If the monarchy's silly, it doesn't work
Rob Hosking at the National Business Review writes in defence of the monarchy. I would write a detailed response, but because the content is behind the NBR paywall, it can't be copied under the fair dealing provisions of the Copyright Act 1994. Yes, a bit annoying, but I promise you're not missing much.
The title of the article gives you a fair idea of his argument though. It's one we hear often: the monarchy might be "silly" (that usually is a polite way of saying it's discriminatory, foreign and unfair) but "it works". It's as if being a republican means suspending practical outcomes under the monarchy for some sort of fanciful utopia, based soley on doctronaire attitudes. This is much like those political science students in their first year at university who say "Communism's fine in theory, but not very good in reality". As my anarcho-capitalist friend Stephen Whittington puts it "What good is a theory that has bad practical outcomes? No one would say that they had a good invention in theory, but it did not work in practice."

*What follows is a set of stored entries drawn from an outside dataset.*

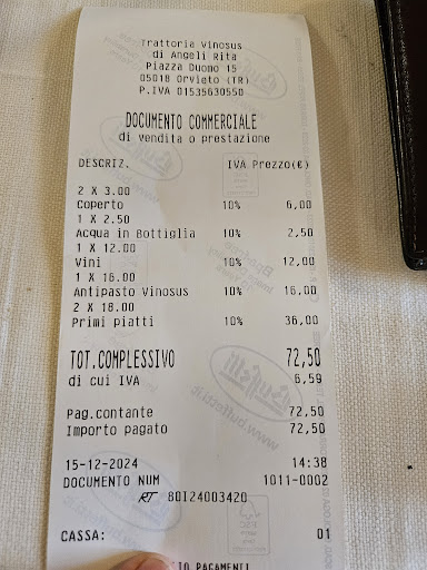 It is not just a "trattoria" as meant in Italian, it is a lot more! They offer you a small menu, but of excellent selected and of high quality products. They offer a selection of traditional dishes like "carbonara" or "amatriciana", however, what surprised me what the rest of the menu, very particular dishes, it's like a fusion of tradition and modern cuisine! Fantastic selection of local and Italian wine, we had a very good Orvieto wine, light and incredibly matching with our fish plates. The place is very small, but cozy, only 5/6 tables inside and maybe 10 more outside, in the terrace. The view faces a side of the Duomo and part of some private house gardens, not special, anyway nice. Staff was attentive and very kind. Service super efficient. Maybe not very cheap, but for what we ate and for the quality the cost...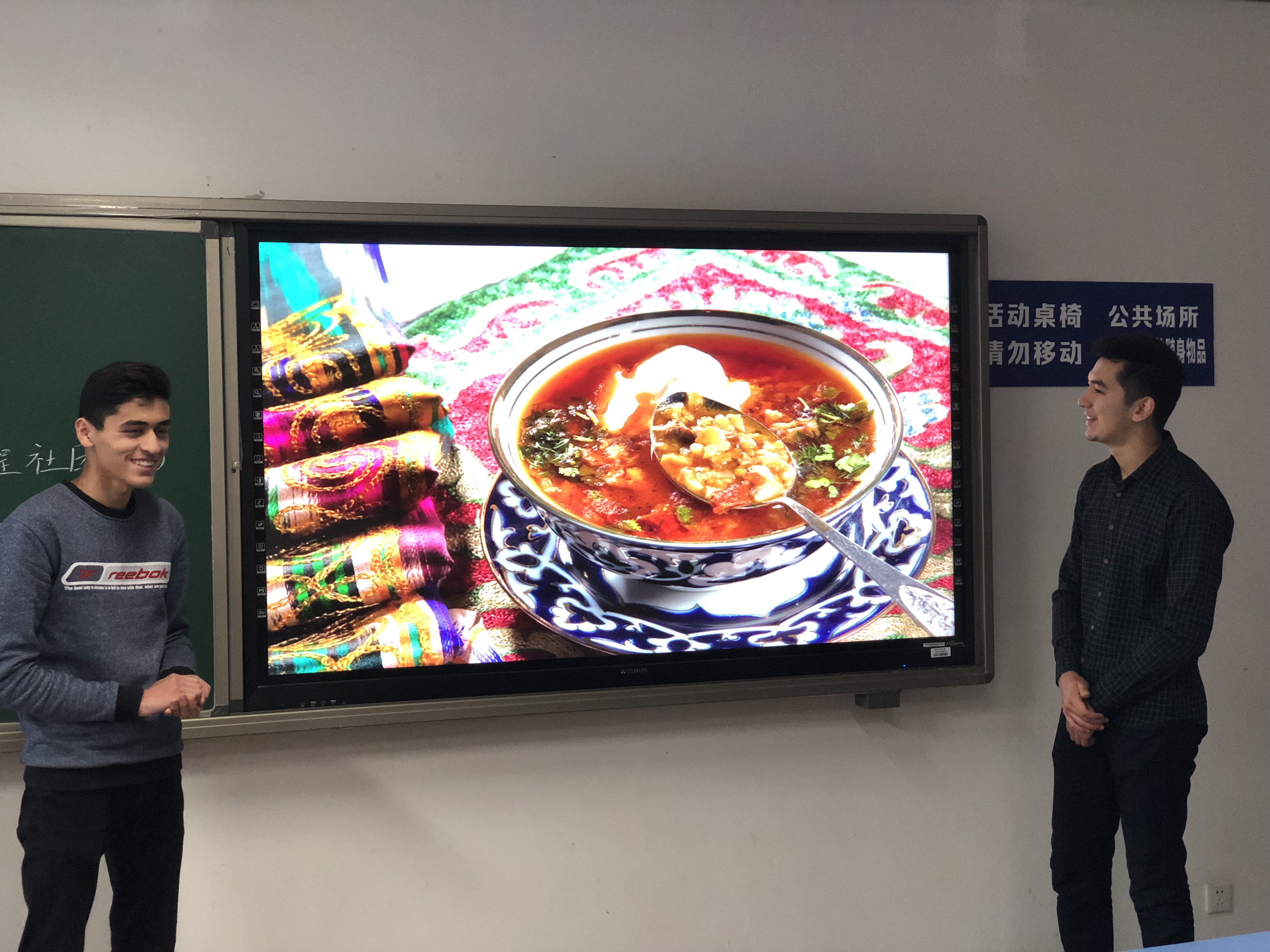 首先,来自乌兹别克斯坦的Bekhzod和Temur向同学们介绍了乌兹别克斯坦的风土人情。乌兹别克斯坦是一个自然风景和人文景观都很丰富的国家,此外,通过他们的介绍也使同学们感受到了这个国家人民的能歌善舞和心灵手巧。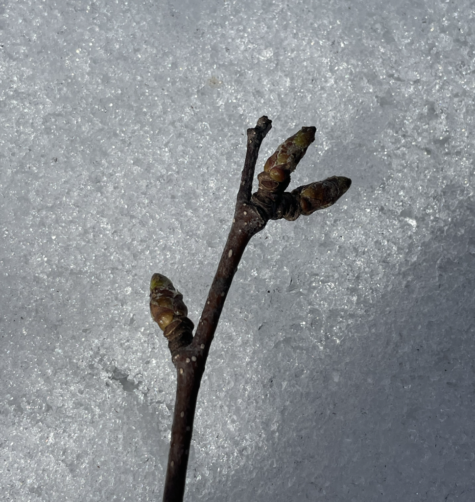 Close to my phenology site, I documented the bud break of a paper birch individual, most of which had already swelled and were beginning to turn green at the tips. Near some of the leaf buds, scaly, protruding flower buds were forming, but none of them were in bloom yet.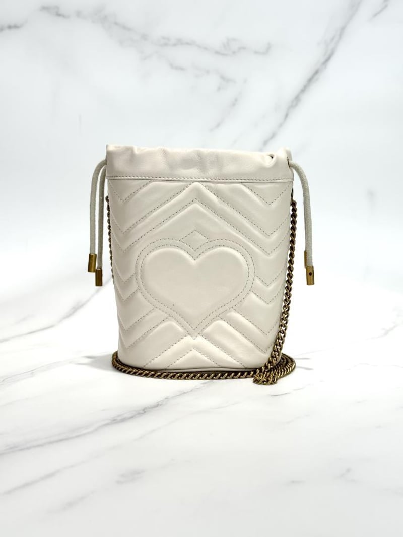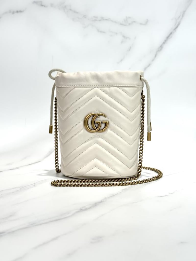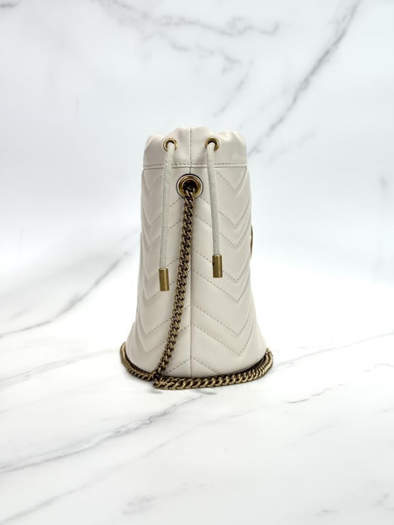 GUCCI WHITE MINI GG MARMONT BUCKET BAG Condition: Good - Refer Images 0488283+19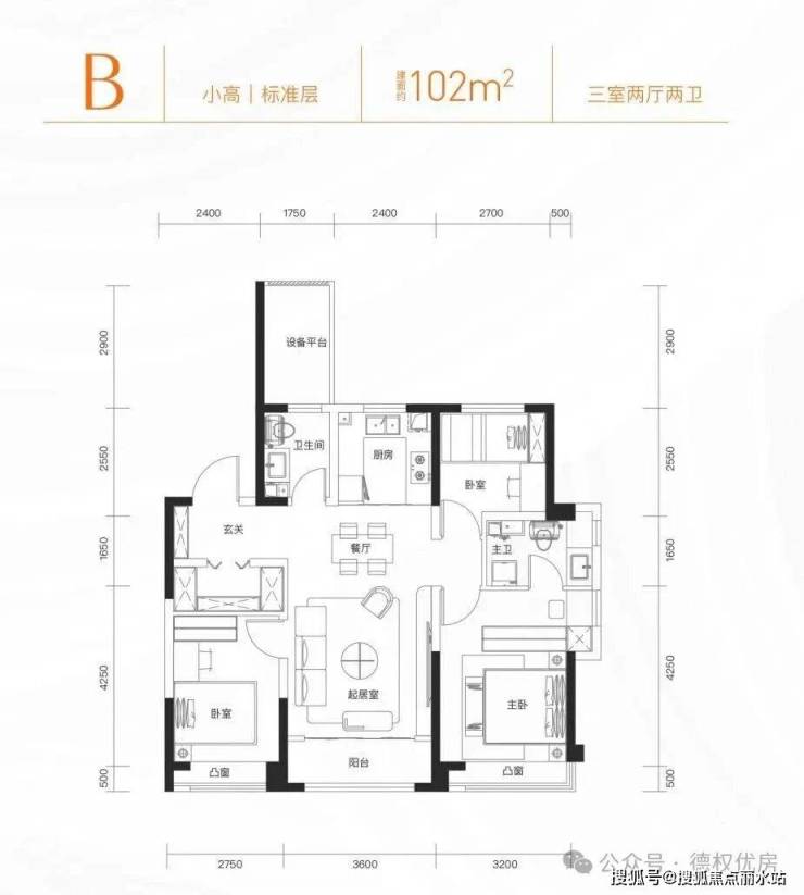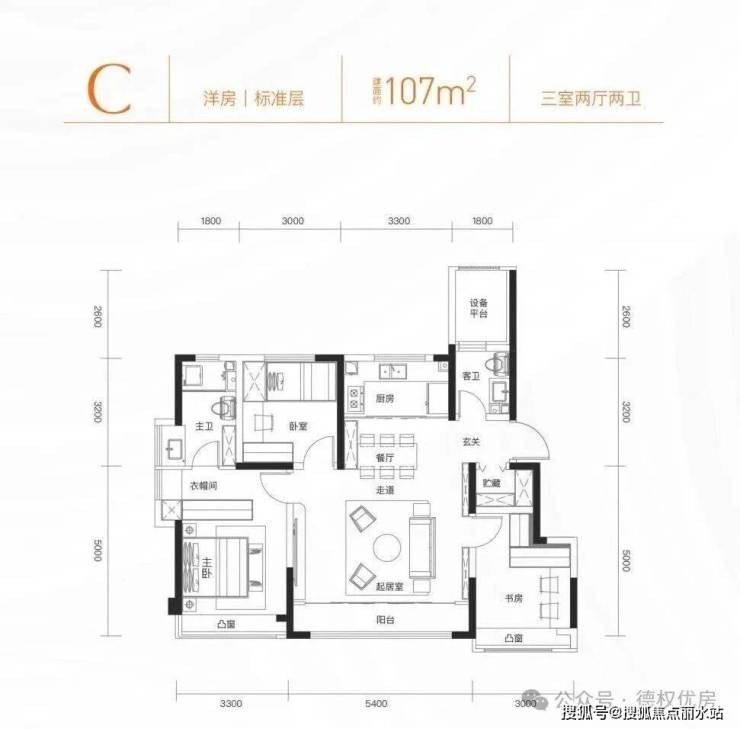 约11.7米南向大面宽,三开间朝阳,约5.4米方正宽厅,主卧套设计

So it's hard to see how a system of government a great number of the populace considers "silly" works, even in a constitutional sense. The simple fact is that it is false attribution to claim our parliamentary democracy works because of the monarchy. In fact, constitutional observers of Westminster imply the opposite: it is the non-intervention of the monarchy that ensures the efficient running of government, the monarchy simply provides a disguise to allow this to happen. Exactly why the monarchists choose to ignore or contradict this fact bemuses us - saying the Queen keeps politicians in check when constitutionalists say the purpose of the monarchy is to not get in the way (and there's no evidence the Queen does intervene in the Commonwealth realms, by the way) is simply argumentative sophistry.